И вслед за знаменосцем рота двинулась по улице, повернула направо и пристроилась в хвост двум другим ротам батальона ровно в тот момент, когда ударили барабаны полкового оркестра, поджидавшего на перекрестке с ассистентами знаменосца. И батальон в полном составе направился на учебный плац, а оркестр, шагая следом, сменил барабанную дробь на музыку. Играли они, что маршируя на плац, что обратно, всегда одно и то же: «Марш полковника Боуги»,[7] и усталый хор позади Прентиса негромко подпевал всегда одно и то же:



У Гитлера
Одно яичко:
У Геринга —
Их два, но как у птички…



На плацу батальон застыл по стойке смирно перед комбатом, низеньким румяным майором, которого они видели всегда только с расстояния и на плацу, как сейчас. Далеко позади него, вдоль противоположного края площадки, в ожидании прохода войск расположились командир полка и его заместители; еще дальше, за флагштоком, на подернутом дымкой склоне невысокого холма среди сосен обычно собиралось множество гражданских машин и толпы женщин и детей — это семьи офицеров приезжали перед ужином посмотреть на парад. Оркестр смолк, и в резко наступившей тишине маленький майор, откинув голову, заорал: «Батальон! Слушай мою команду!» И, вопя команды с такой силой, что казалось, его побагровевшая шея того гляди лопнет, он заставил их выполнить полную программу ружейных приемов.
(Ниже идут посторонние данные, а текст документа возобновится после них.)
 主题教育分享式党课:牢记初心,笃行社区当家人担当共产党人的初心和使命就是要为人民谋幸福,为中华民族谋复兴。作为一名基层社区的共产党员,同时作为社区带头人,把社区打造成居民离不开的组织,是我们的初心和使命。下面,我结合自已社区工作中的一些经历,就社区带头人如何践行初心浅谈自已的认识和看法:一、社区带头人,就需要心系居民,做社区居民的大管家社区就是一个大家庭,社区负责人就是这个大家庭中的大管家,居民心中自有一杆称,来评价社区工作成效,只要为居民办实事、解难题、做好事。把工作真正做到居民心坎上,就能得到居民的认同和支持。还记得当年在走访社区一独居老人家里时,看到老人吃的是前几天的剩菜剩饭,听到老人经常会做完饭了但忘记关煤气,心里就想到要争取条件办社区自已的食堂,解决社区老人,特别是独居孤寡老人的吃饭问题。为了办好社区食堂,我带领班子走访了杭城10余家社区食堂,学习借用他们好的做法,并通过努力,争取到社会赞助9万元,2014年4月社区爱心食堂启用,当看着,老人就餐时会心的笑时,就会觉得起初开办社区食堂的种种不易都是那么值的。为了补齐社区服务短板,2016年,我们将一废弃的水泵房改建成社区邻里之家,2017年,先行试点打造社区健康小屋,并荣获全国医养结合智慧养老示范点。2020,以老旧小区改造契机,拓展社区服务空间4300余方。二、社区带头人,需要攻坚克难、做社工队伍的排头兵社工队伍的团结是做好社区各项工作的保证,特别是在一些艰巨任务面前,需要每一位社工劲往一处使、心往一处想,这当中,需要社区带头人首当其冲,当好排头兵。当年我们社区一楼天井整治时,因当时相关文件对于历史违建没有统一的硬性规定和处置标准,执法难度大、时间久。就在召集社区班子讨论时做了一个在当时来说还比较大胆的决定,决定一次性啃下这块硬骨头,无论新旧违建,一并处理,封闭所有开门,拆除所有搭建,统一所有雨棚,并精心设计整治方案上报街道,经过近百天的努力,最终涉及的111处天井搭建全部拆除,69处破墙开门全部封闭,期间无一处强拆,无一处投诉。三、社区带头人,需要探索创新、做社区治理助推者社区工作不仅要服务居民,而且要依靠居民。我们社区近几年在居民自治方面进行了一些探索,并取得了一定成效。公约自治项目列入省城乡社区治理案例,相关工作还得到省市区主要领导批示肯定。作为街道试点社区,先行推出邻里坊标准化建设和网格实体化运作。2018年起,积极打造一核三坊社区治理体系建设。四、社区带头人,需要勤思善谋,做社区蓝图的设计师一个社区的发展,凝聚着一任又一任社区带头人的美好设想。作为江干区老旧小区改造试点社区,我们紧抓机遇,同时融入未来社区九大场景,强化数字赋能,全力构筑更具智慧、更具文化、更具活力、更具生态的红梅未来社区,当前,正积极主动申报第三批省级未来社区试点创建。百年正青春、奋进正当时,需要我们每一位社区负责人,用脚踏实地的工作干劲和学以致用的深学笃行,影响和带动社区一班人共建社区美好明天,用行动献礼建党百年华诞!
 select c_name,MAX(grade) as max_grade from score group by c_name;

Никто этого не заметил, но Прентис действовал очень четко. Ни разу не сбился с шага, осанка его была безупречна, глаза, как должно, устремлены вперед; приемы он выполнял с такой быстротой и точностью, как ему никогда не удавалось на улице перед казармами, где это было куда важней, и он испытывал при этом гордость мастера, делающего свое скромное дело не хуже остальных. Ему хотелось красиво смотреться в глазах женщин и детей на холме.
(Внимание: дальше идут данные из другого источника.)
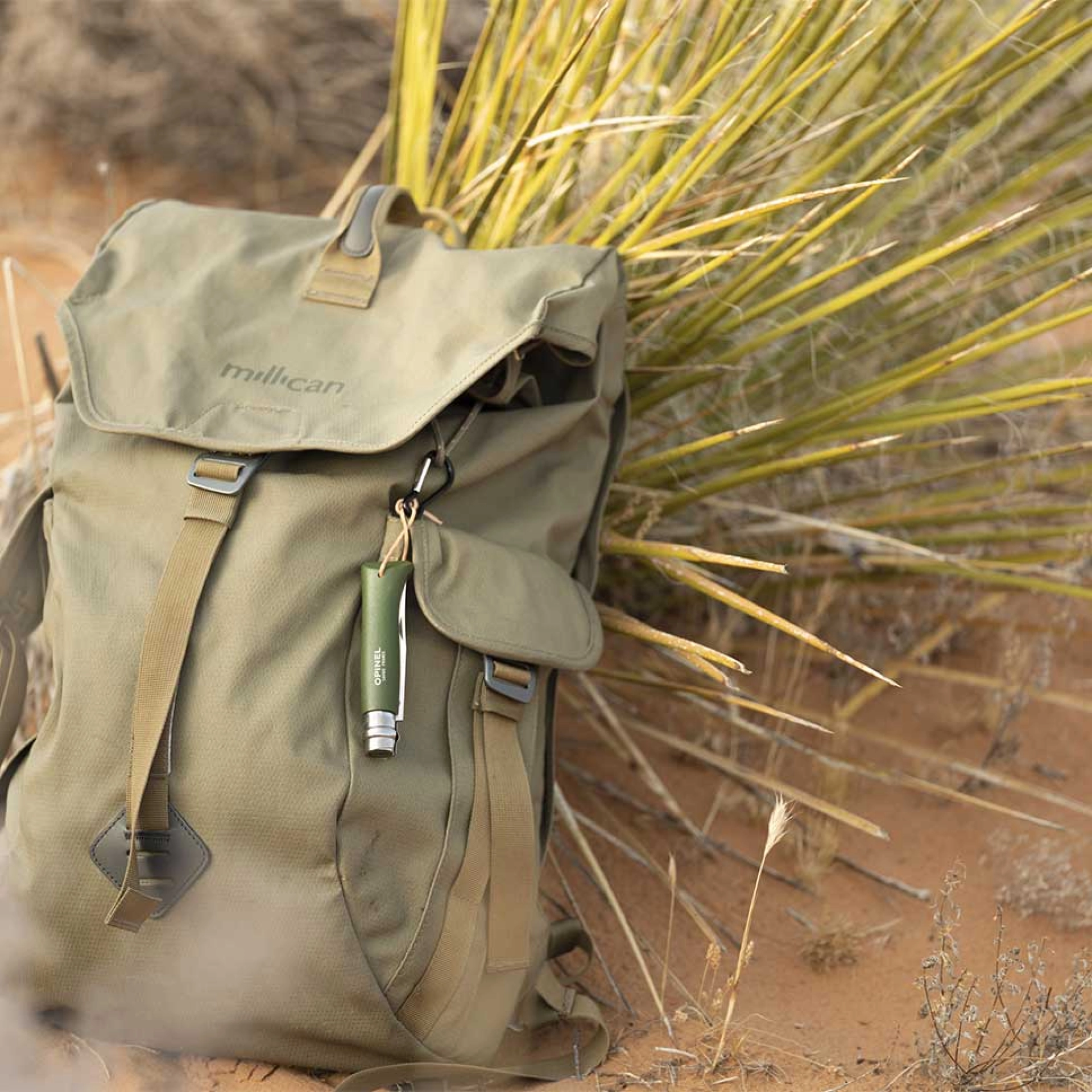 Oțelul inoxidabil utilizat la lamele OPINEL este o calitate optimizată pentru a garanta atât rezistență ridicată la coroziune, cât și performanță mecanică ridicată. Lama oferă o ascuțire excelentă și o rezistență ridicată la abraziune (uzură), ceea ce îi permite să reziste la contactul regulat cu materiale dure, cum ar fi ceramica, înainte de a necesita reascuțire. Oțelul inoxidabil are avantajul că nu necesită întreținere specială în condiții obișnuite de utilizare, spre deosebire de oțelul carbon. Cu toate acestea, își poate atinge limitele atunci când este pus în contact prelungit cu un mediu agresiv (acid, apă sărată, detergent...). Lama clasică Opinel a adoptat o formă Yatagan. Forma Yatagan este inspirată de o sabie tradițională turcească, cu vârful în sus. Lama este șlefuită până la un profil convex exclusiv, care asigură rezistența lamei și permite o rectificare eficientă.

Наконец последний прием был исполнен, последовала долгая пауза, когда они стояли совершенно неподвижно, пока не раздалась команда «смирно», в отдалении горнист заиграл вечернюю зорю, и первые, замысловатые ноты прозвучали в полной тишине.

— На кра-а-ул!

Все винтовки взлетели на уровень груди, флаги рот склонились к земле, майор круто повернулся к начальству, одновременно отдавая честь, горнист перешел к более простой и меланхоличной части мелодии, и флаг на флагштоке пополз вниз.

Затем наступило время торжественного марша. Оркестр вновь грянул, оповещая весь штат Виргиния о физическом недостатке Гитлера; знаменосец повел оркестр с плаца, роты с винтовками на плече пошли за оркестром. Впереди был левый поворот, а затем сложный заход правым плечом вперед — долгий момент, когда они маршировали мимо группы командиров, держа равнение направо, и каждый изо всех сил старался не выбиться из строя; потом последовала команда «равнение прямо», еще раз — «налево», и наконец все закончилось.

Осталось только выйти на свою улицу и вернуться к казармам. На перекрестке музыка быстро стихла, когда оркестр свернул на свою улицу; затем отделились и другие роты, пока не осталась одна, марширующая под отдаленную дробь барабанов.

Кто-то пробурчал: «Муштруют, как сопливых дерьмовых бойскаутов», а другой прошелся насчет игр в оловянных солдатиков. Скоро недовольный ропот и горький смех охватили всю колонну, так что ротный старшина вынужден был обернуться и проорать: «Эй там, позади, полегче!»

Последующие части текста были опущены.